One day during this visit, he and his mother went to a mall where they ran into a young woman he’d never met. She had benefited from a scholarship provided by an organization of which his parents were an active part and to which they gave money. "Who was that?" he asked his mon. His mother smiled and explained, “That’s one of our investments.”
Next week will bring us to our Consecration Sunday. You’ll be asked to make an estimate of your giving for 2009. Last week, our own Bryan Starner suggested that you prayerfully consider increasing your giving by a “stairstep.” It will be great if you do that.
But if, in consideration of all of God’s gifts to us, our financial giving is the only thing that increases, Consecration Sunday will be a failure.
Even in tough economic times like these, it’s easier to write a check than it is to teach a class, volunteer for a ministry, tell a skeptical friend about Jesus, or visit a sick person.
Lutheran pastor Brian Stoffregen notes that to be a good and faithful servant of Jesus “is not mere theological correctness, passive waiting, or strict obedience to clear instructions, but active responsibility that takes initiative and takes risks.”
What sorts of risks may God be calling you and me to take today?
Methodist pastor Douglas Mullins tells the true story of Belinda, a member of one of the churches he served. Belinda had become the single parent of a five year old son when her husband left her after she’d had breast cancer. He left when he realized that she would be disfigured by the surgery she’d undergone.
One night, she was tucking her son, Ryan, into bed, reading a story to him, when he interrupted to ask if she had bought the book she was reading for him. “Yes,” she said. And had she bought his bed? “Yes.” And the house in which they lived? “Yes.” And the new sweater he liked so much? “Yes” was the answer again. As Mullins explains it, Ryan “thought about how good [his mother] had been to him...and finally said, ‘Mommy, get my piggy bank. There are seven pennies in it. Take them and get something you really want for you.”

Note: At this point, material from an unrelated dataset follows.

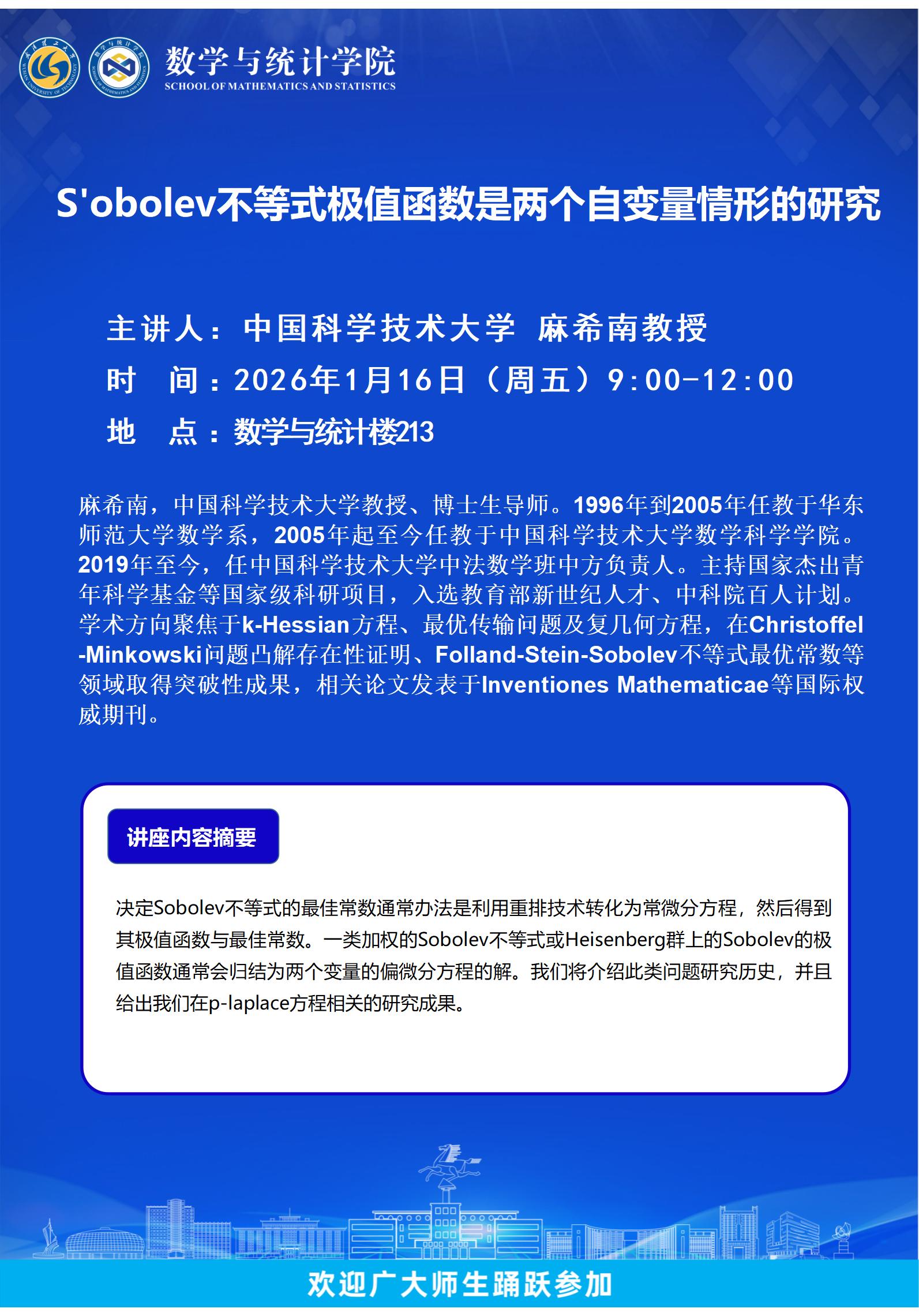 中国科学技术大学 麻希南教授-S'obolev不等式极值函数是两个自变量情形的研究

None of us has anything that God needs. Everything we have comes from God anyway, just as the slaves in Jesus’ parable got everything from their master. But if you and I are going to faithfully respond to God’s call on our lives, if we’re going to express our gratitude to God for all His gifts, if we’re going to find our own unique ways of responding to God’s gifts, and if we’re going make investments of eternal significance, we need, like the first two servants in Jesus’ parable, to take risks.
We need to take all the blessings God has given to us—including our time and talents and our passions—and invest them in loving God, loving neighbor, serving others, and making disciples. We need to move from being Christian spectators to active Christian disciples.
It’s only when we strive to use all our gifts in response to God’s love in Christ that we really start to live!
When pour our lives into living for God's purposes--what Methodist theologian Leonard Sweet calls "cashing our last check"--we find as those first two servants did, that God’s presence, provisions, and promises fill our lives.
Grateful people who invest their lives in living God's way are paid off in the dividend of an endless and deepening assurance that the God we meet in Jesus Christ is always and forever with us, for us, and by us. Amen
[This sermon was inspired by the fine work of the pastoral staff at Prince of Peace Lutheran Church in Burnsville, Minnesota.]